I see people starting to do reflective stuff about 2011
I feel like I want to, because my memory is getting worse as I get older and I should get that kind of thing written somewhere.
but when I try to start thinking about it, all I can think is that the only part of this year that really mattered was the last few months. and those are already well-documented in chat logs, emails, phone calls and looks from across the room that are impossible to forget.
there are a lot of other aspects of the past 12 months that were good. don’t get me wrong. but I’m sorry, rest of the year. the part where I fell in love in the last quarter of 2011 was above and beyond the best.
this week is already a lot crazier than I would like it to be
I just want to lay around and watch cartoons. yesterday I felt too crappy to even do that.
I did spend gift cards today, though. my aunts decided to have a party new years eve, the theme being “gaudy sparkly shirts and jewelry”. got the jewelry handled (one of the pieces is a necklace featured on the person in the photo that says “make a statement!”, barf). it feels like such a waste of money, since I’ll likely never wear any of it again. now I’m drinking ginger tea and looking at soup recipes since I finally bought an immersion blender.

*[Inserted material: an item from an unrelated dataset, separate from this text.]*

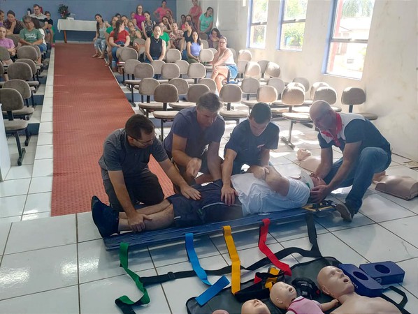 A palestra em primeiros socorros foi ministrada pelo enfermeiro, Luan Post, e pelo técnico de enfermagem, Cleber Dalla Nora, ambos com experiência em pronto atendimento.

I planned to go home for a couple days before a cooking excursion with my uncle on friday. I miss my bed. we’ll see if I can be bothered to schlep my ass back down to san antonio or not.

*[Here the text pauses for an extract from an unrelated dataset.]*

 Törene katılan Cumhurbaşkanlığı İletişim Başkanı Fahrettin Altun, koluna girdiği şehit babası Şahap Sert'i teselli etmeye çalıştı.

after passing a liquor store that I forgot existed, and yelling “son of a BITCH” as I realized it. you can only buy liquor at liquor stores here. I’d have to stray from my remaining 1.5 mile drive home, a straight shot, to buy liquor now. that was not an option.
I picked out something that I knew wasn’t terrible, and stood in the excruciatingly long line as I watched traffic outside get worse and worse. legs feeling like jelly from PT and my stomach in knots from a crappy end to the day.
I put the wine on the counter. the cashier immediately got on the phone and called for a “code 21”. I glanced at the exit. nobody was leaving, trying to shoplift. he stood there, staring blankly and looking nervous. several dragging moments later..
"I can’t sell you that."
"I can’t sell you that. I’m not old enough. we have to wait for my manager."
"oh for fuck’s sake. I thought you were going to somehow make me go without wine tonight. that can’t happen."
the entire line shifted nervously at my language, aside from the girl behind me, who smirked and gave me a look that said she’d been there.
"sorry, ma’am. he’ll be here in a sec. do you want it double bagged?"